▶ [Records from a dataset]
========================================
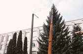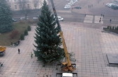 Близько 14:00 головну ялинку міста встановили на майдані Корольова.
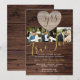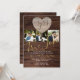 Celebre su aniversario de bodas con estilo con estas elegantes y modernas invitaciones de aniversario de bodas con tema rústico. Destacan un gráfico romántico de un corazón de madera grabado para que agregue las iniciales de los nombres de la pareja de esposos. Presume lo que significa el amor verdadero con sus fotos de pareja. Puede agregar tres fotos en total. ¿Por qué no agregar una foto de cuando se conocieron, cuando se casaron y una de ambos ahora para un impacto extra y crear una invitación única y especial que sus invitados a la fiesta de aniversario de bodas atesorarán. Para obtener ayuda y suministros de fiesta a juego, contacte al diseñador aquí.
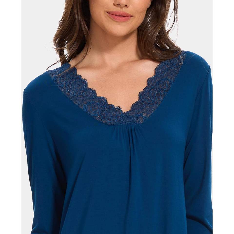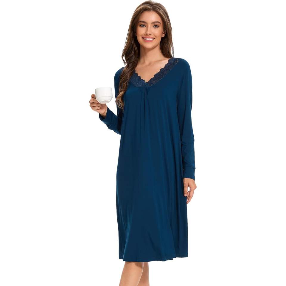 Women's V Neck Sleep Shirt Bamboo Women's Nightgown Long Sleeve Lace Sleep Dress Loungwear Pajama Dress Women Sets
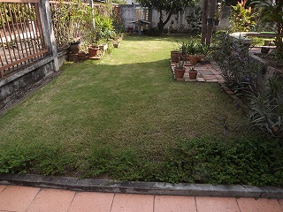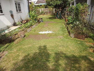 時々休みながら、芝刈りを終えて、芝の肥料=プイヤー 5袋入れてから芝生と野菜の水撒き!
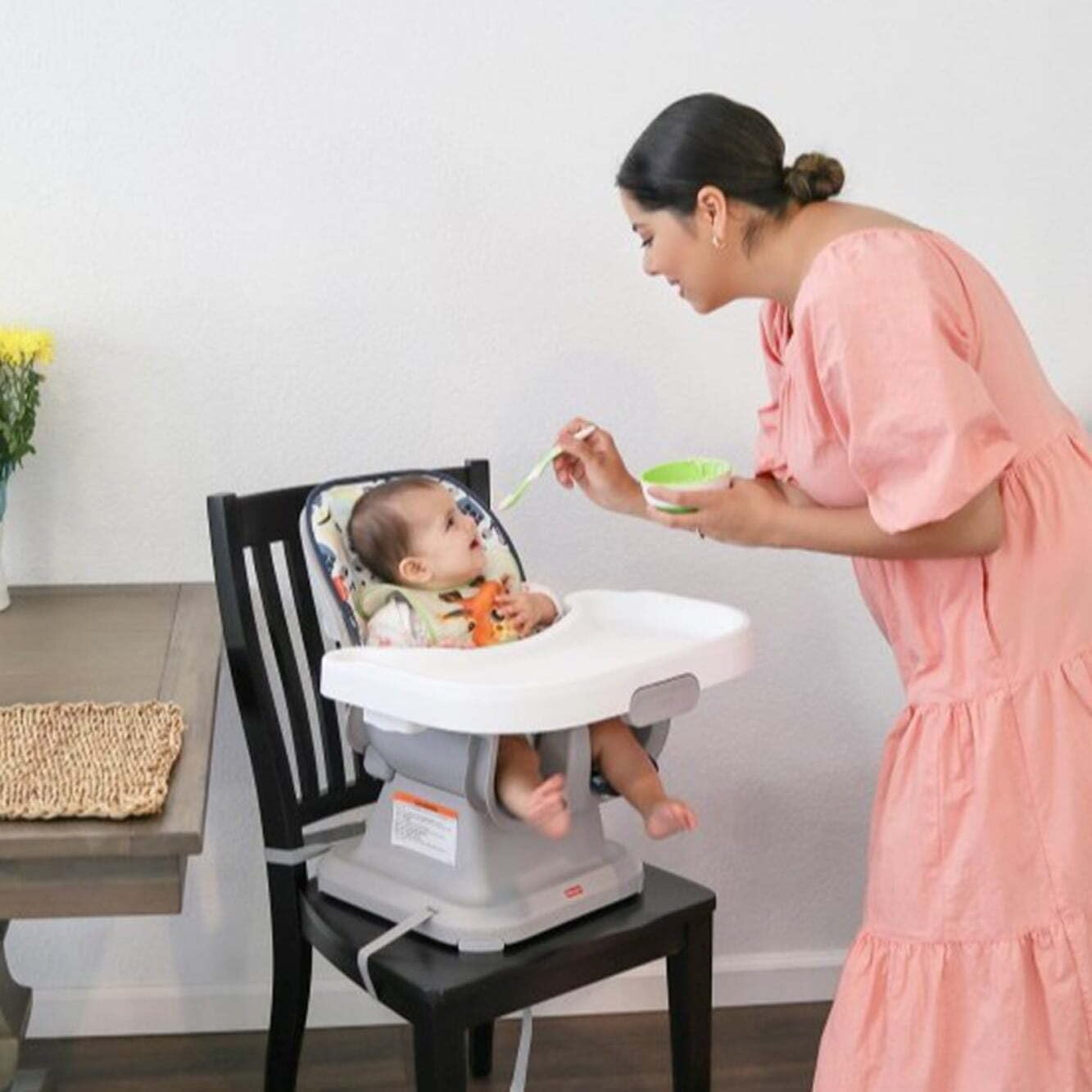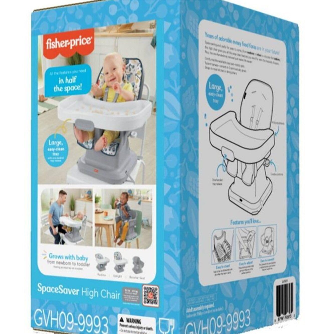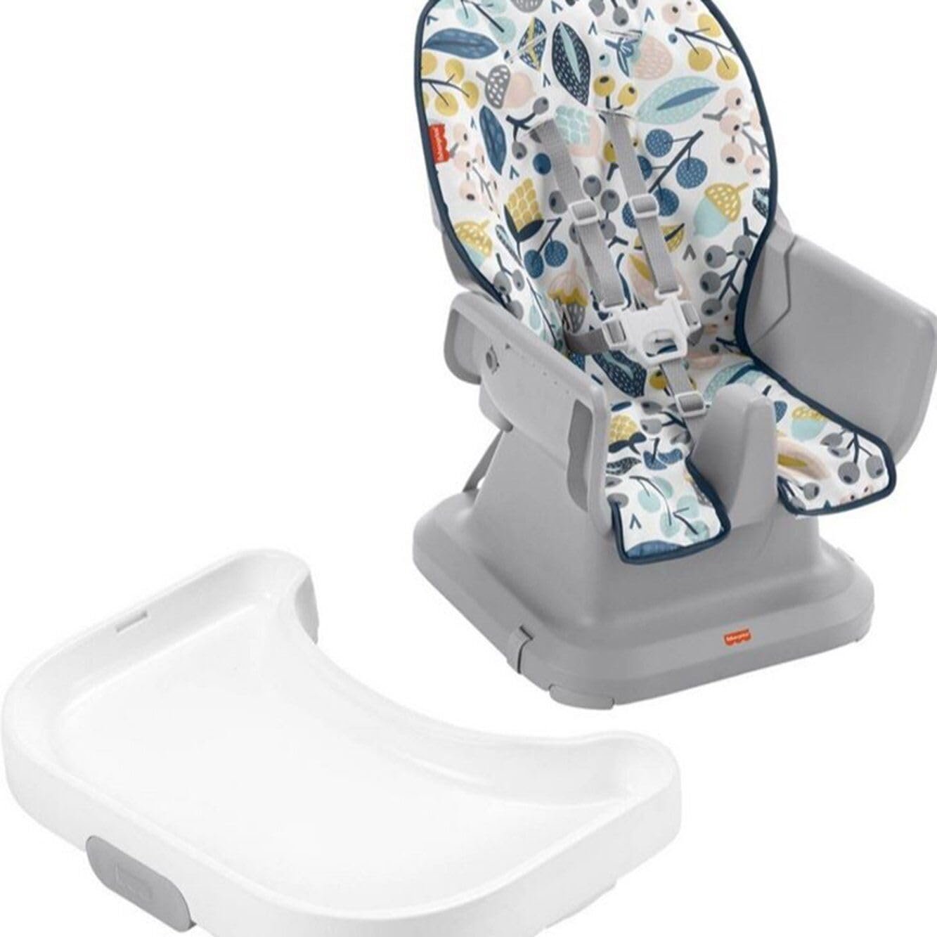 Fisher-Price Baby to Toddler High Chair SpaceSaver Simple Clean Portable Dining Seat & Booster with Washable Deep Tray & Liner, Pacific Pebble
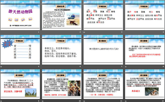 关键词:鄂教版五年级下册语文PPT课件免费下载,游天然动物园PPT下载,.PPT格式;
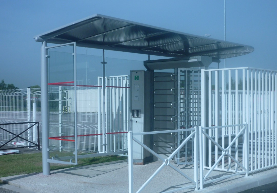 Aloes RED a été retenu pour intégrer plusieurs abris dans l'usine. Concernant l'accès à l'entrée, le modèle Héritage 4,50 m adapté au site a été installé. Il se trouve au niveau des tourniquets.
========================================
▶ [DESCRIPTION OF THE TASK] Please restate word for word each line from the one containing "Women's V Neck" to the end of the data above, without the pictures.

▶ [WORKED SOLUTION]
 Women's V Neck Sleep Shirt Bamboo Women's Nightgown Long Sleeve Lace Sleep Dress Loungwear Pajama Dress Women Sets
 時々休みながら、芝刈りを終えて、芝の肥料=プイヤー 5袋入れてから芝生と野菜の水撒き!
 Fisher-Price Baby to Toddler High Chair SpaceSaver Simple Clean Portable Dining Seat & Booster with Washable Deep Tray & Liner, Pacific Pebble
 关键词:鄂教版五年级下册语文PPT课件免费下载,游天然动物园PPT下载,.PPT格式;
 Aloes RED a été retenu pour intégrer plusieurs abris dans l'usine. Concernant l'accès à l'entrée, le modèle Héritage 4,50 m adapté au site a été installé. Il se trouve au niveau des tourniquets.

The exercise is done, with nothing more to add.